GPU's are still getting 60-100% performance gains every 24 months. GK110 is twice as fast as gtx580, and even if you think that is an unfair comparison somehow, gtx680 is still 35% faster than the significantly larger and more power hungry gtx580.
There was a big shift by Nvidia to concentrate on performance per watt after Fermi. They're still going to concentrate on that metric, but since the shift has already occurred the performance penalty has already been suffered. Nvidia already has a much more efficient design to build off moving from Kepler to Maxwell, so sacrificing performance to achieve a better perf/watt metric will be easier to avoid. Maxwell will likely have it's ~300mm^2 die as it's flagship Geforce chip for quite awhile just as Kepler did, but it's also going to be 70-80% faster than GK104 (just like GK104 was over GF114), so we'll have a $500-600 solution 20% faster than Titan by ~Q2 of next year.
I don't see how any of what you said justifies the doubling of price brackets for each performance level.

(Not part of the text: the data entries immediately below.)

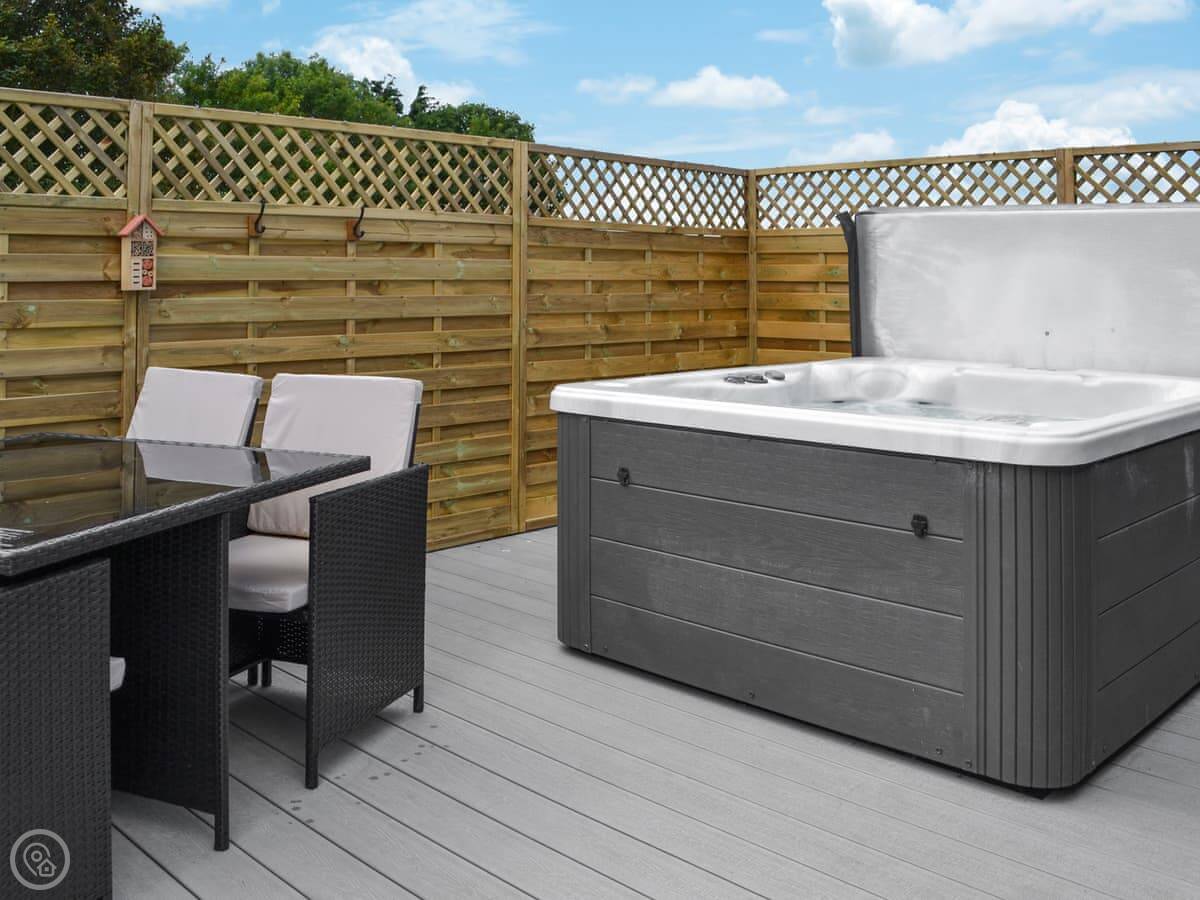 The main thing is the private hot tub on the deck. It looks out over the fields. The deck is enclosed, which is good if you've got dogs. You can bring two dogs. There's a mile-long dog walk on the farm itself.
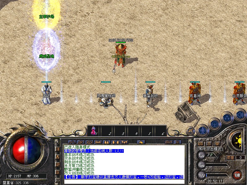 特色:行会战系统。 系统每两小时进行一次行会战争,战争地图30秒加300万经验和杀死每只怪+500点荣誉值,刷出的怪能爆顶级,激情无限,请大家踊跃参加。
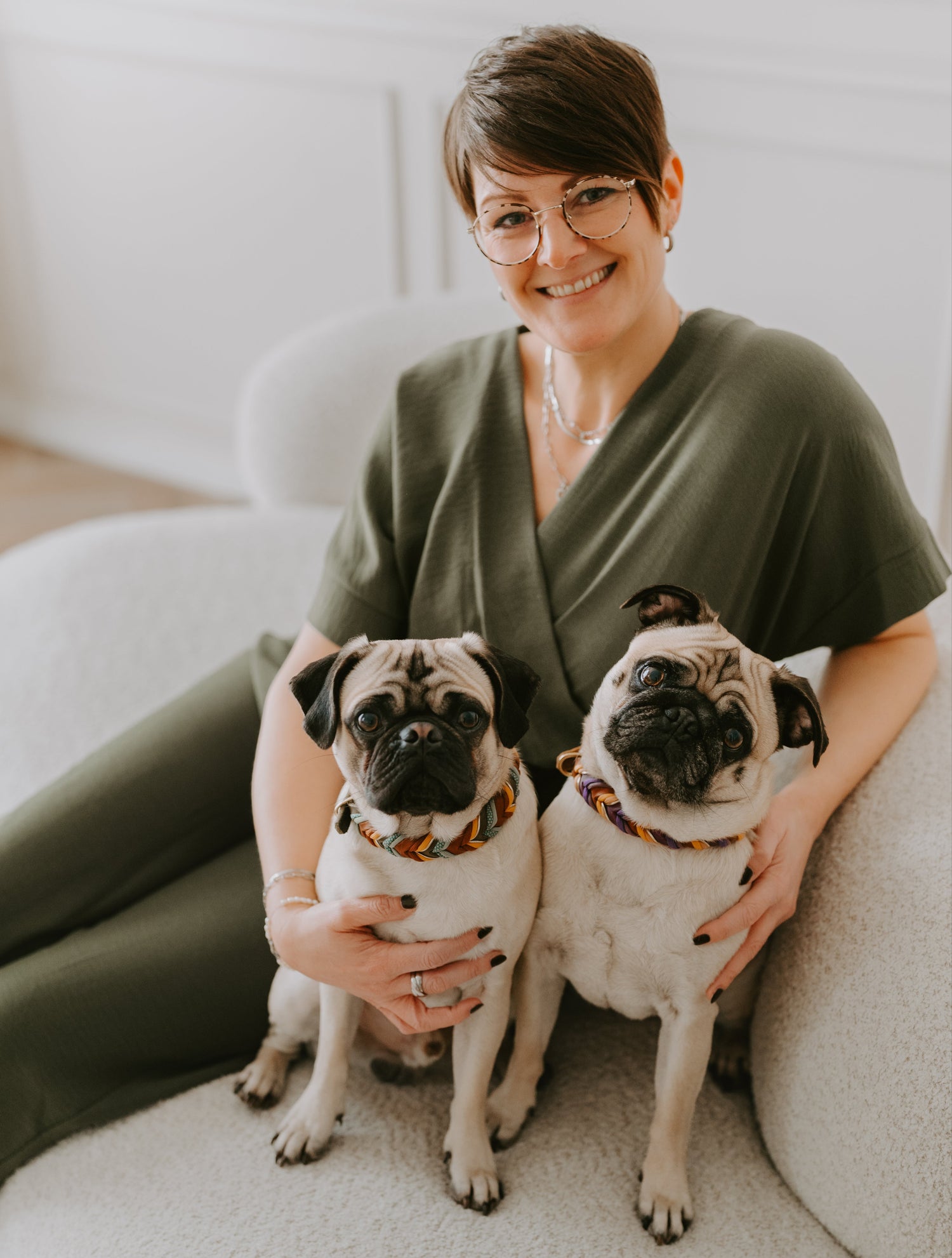 Cathrin und die beiden altdeutschen Möpse Wilma & Kalle.
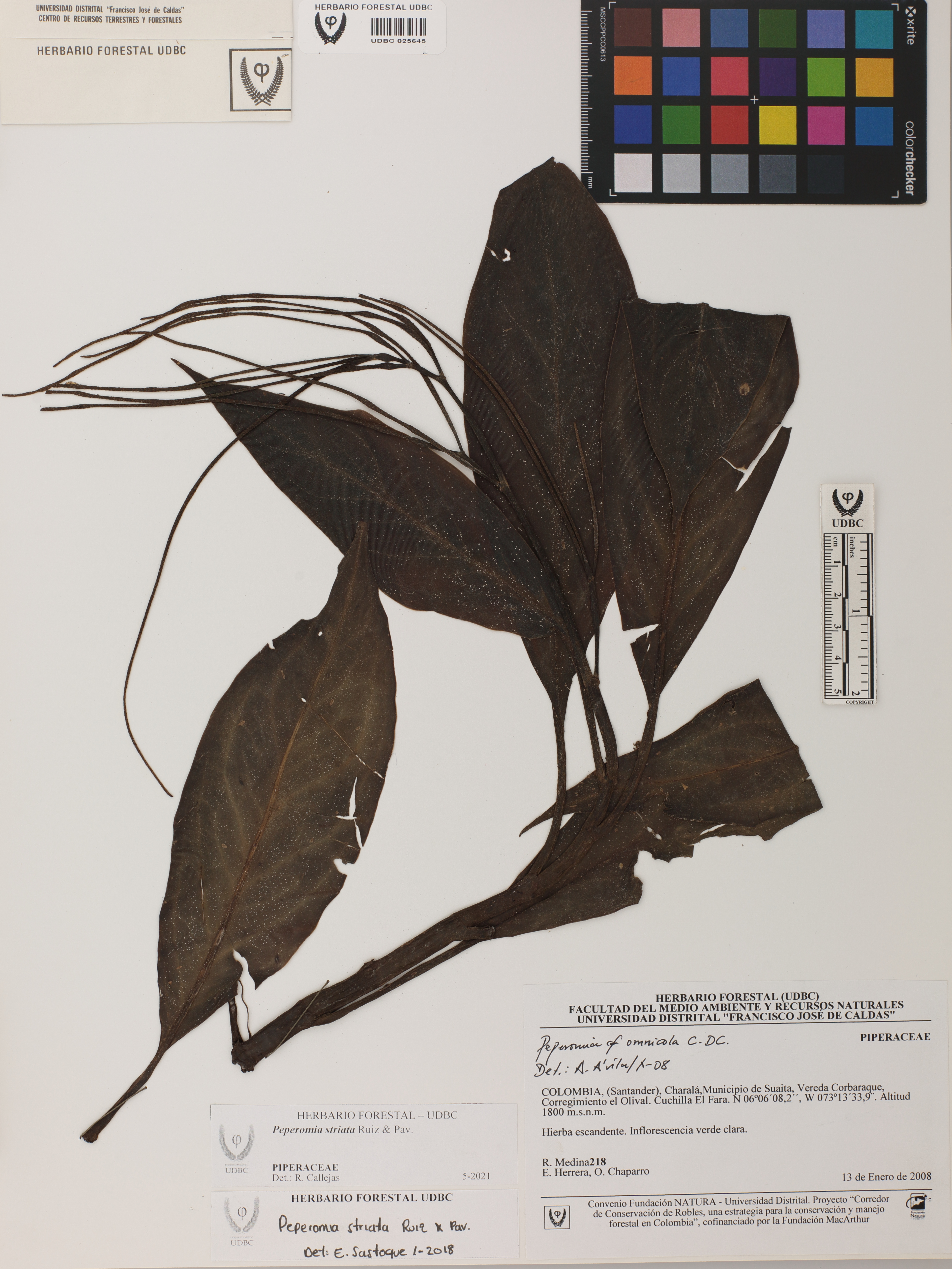 Fotografía del ejemplar Medina, R. 218, determinado como Peperomia striata en el año 2021
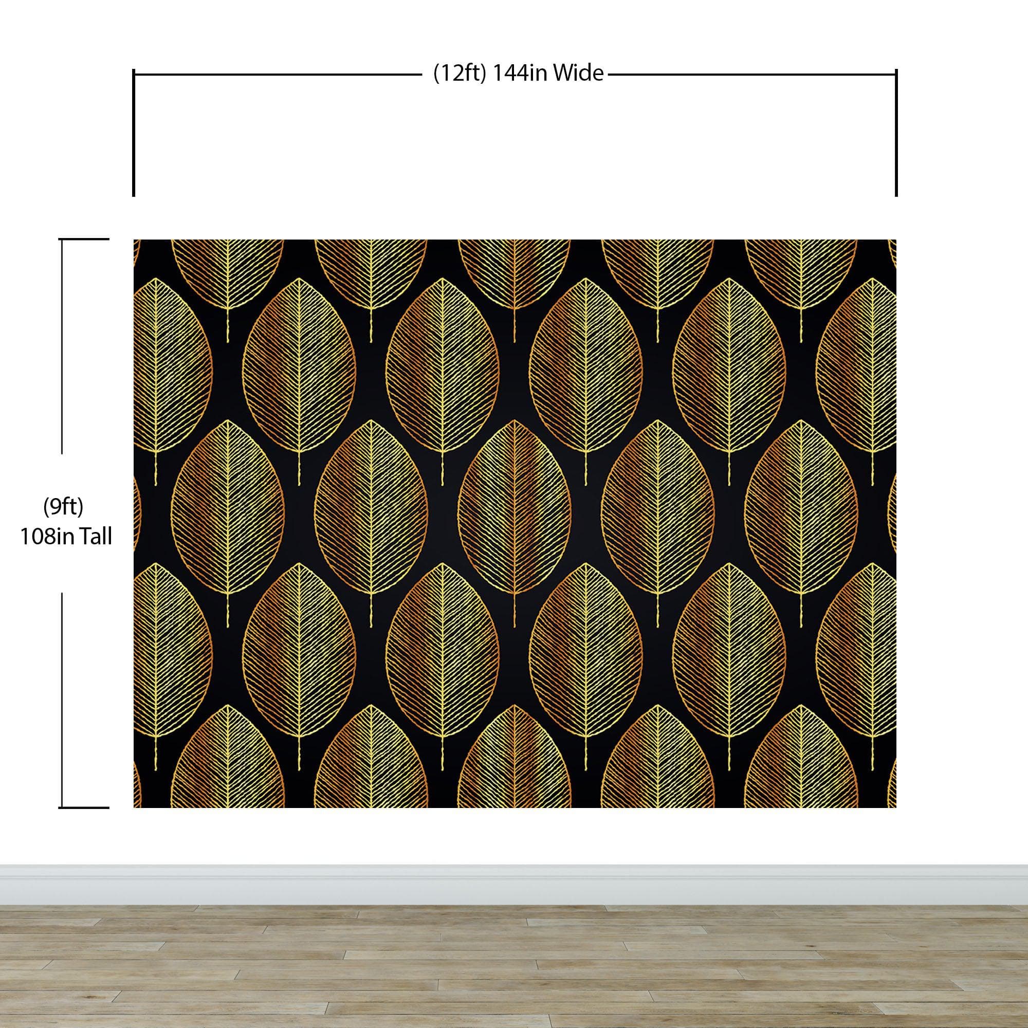 Gold Leave Autumn Pattern Peel and Stick Wallpaper | Removable Wall Mu
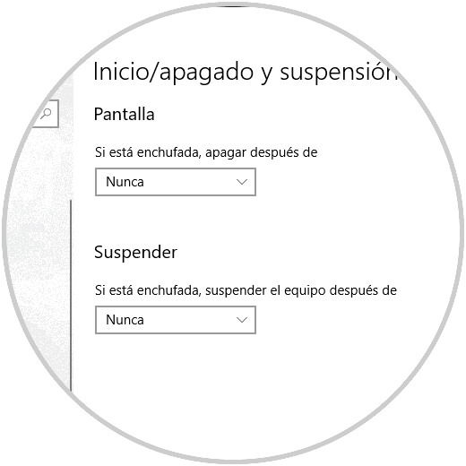Seleccionamos la categoría “Sistema” y en la nueva ventana vamos a la categoría “inicio/apagado y suspensión”:
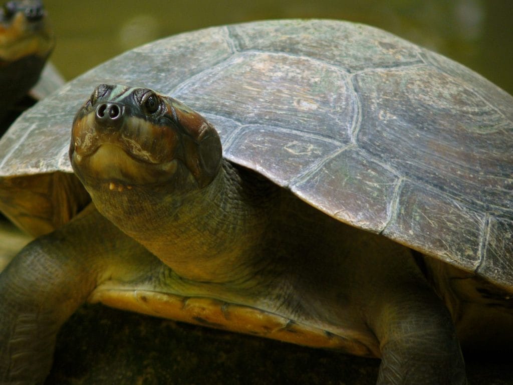 Adult Arrau turtles have broad, smooth, and flattened carapaces that can grow over 80 cm in length. The color ranges from dark brown to olive, and their limbs are strong and paddle-like for swimming.
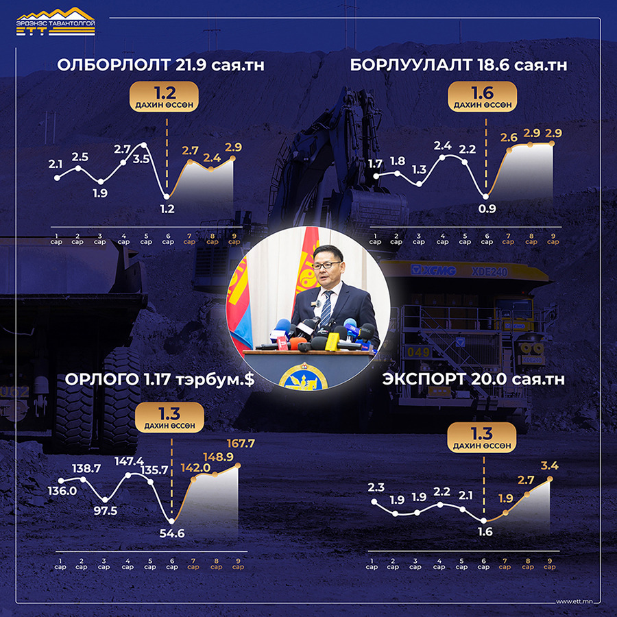 Түүнчлэн онцгой дэглэмийн хугацаанд нүүрсний экспортыг нэмэгдүүлж 2025 оны 07 дугаар сард 1.9 сая тонн, 08 дугаар сард 2.7 сая тонн, 09 дүгээр сард 3.2 сая тонн нүүрс Гашуунсухайт, Ханги боомтоор экспортоллоо. Есдүгээр сард экспортолсон нүүрсний хэмжээ “Эрдэнэс Тавантолгой” ХК-ийн бүх цаг үеийн хамгийн өндөр экспортын үзүүлэлт болсон нь онцгой дэглэмийн хугацаанд авч хэрэгжүүлсэн ажлын онцлох үр дүн байлаа.
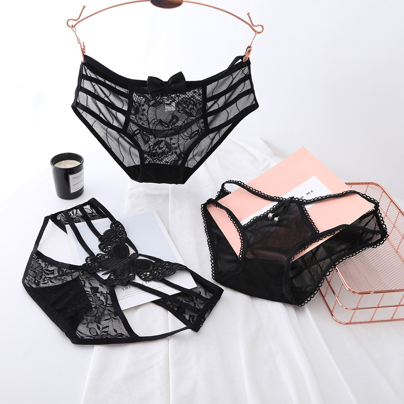 Sexy panties female lace temptation comfortable passion hot low waist ladies transparent black sexy hollow briefs
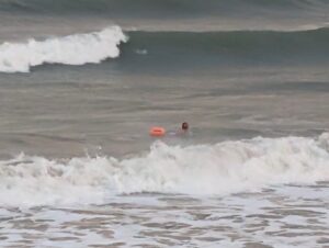 To add to the scenic interest, the sea was spectacularly stormy and the sky was painted pink yellow and blue by the setting sun. Despite the inclement conditions, there were still a few swimmers about which struck me as being exhilaration bordering on foolhardiness.
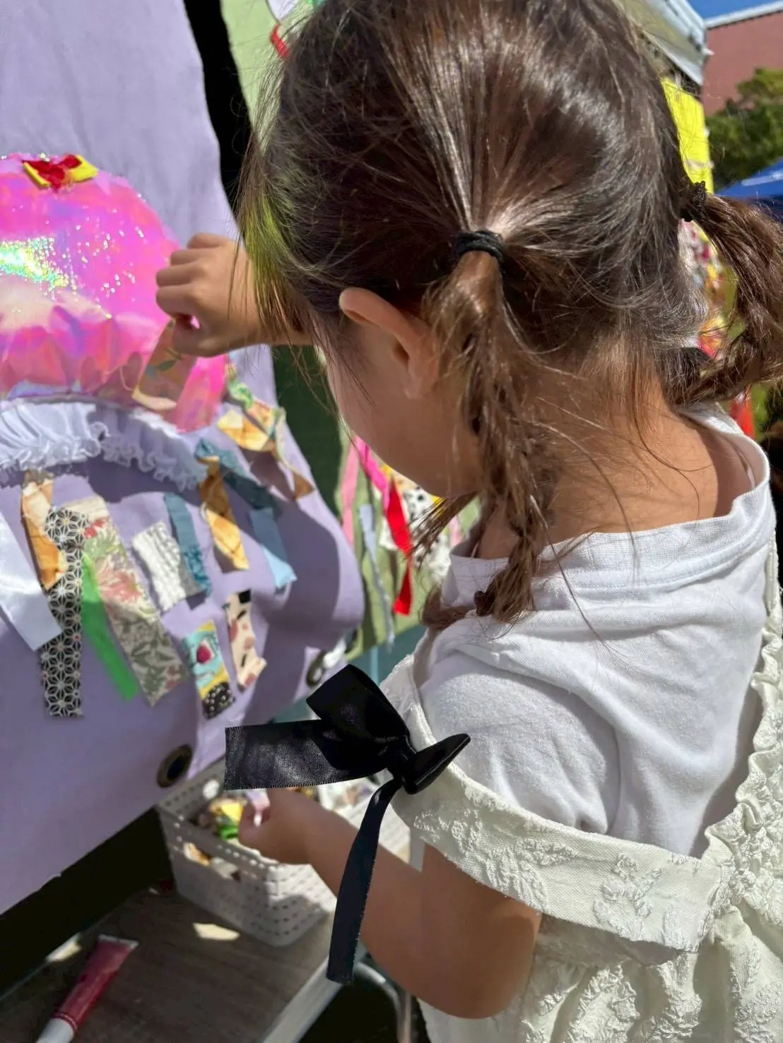 《ペタペタタペストリー》はてづくり広場で毎年行っている、生地をタペストリーに貼ってみんなで作品を作り上げる企画のひとつです。

With CPU's Intel have lowered the ceiling in an effort to make the floor look more appealing, thus people are happier to pay $200-350 for a mainstream chip because it has same image a $500-600 chip had pre-2010.
Nvidia on the other hand have mimicked AMD's R700 approach
without also lowering prices accordingly. Of course, this was possible for NV because AMD failed to deliver on performance, so they are almost as much to blame. At least now their prices are a bit more in line with past practises.
Like Intel, however, NV have repacked a 'server' chip for consumers to retain their high end, but now have a mantra of low urgency on releasing such chips. As such they will likely now overlap generations. I do not think that Maxwell GTX780 will overtake Titan myself, and Titan will remain valid on a very small scale until the next, Maxwell-based iteration of it is released - a year after GXT780. Sound familiar?
EDIT: With that said, I want to add that I understand the shifting market. My next build will be mATX, and possibly even an ITX system to supplement it. I don't see how my yearning for a proper high end would suggest that I should just buy a console and be done with it, quite the contrary. Regardless of this view, I am someone who buys in the upper end of the sweet spot, so the strategy of efficiency does cater to me - the high asking prices being coupled with it does not.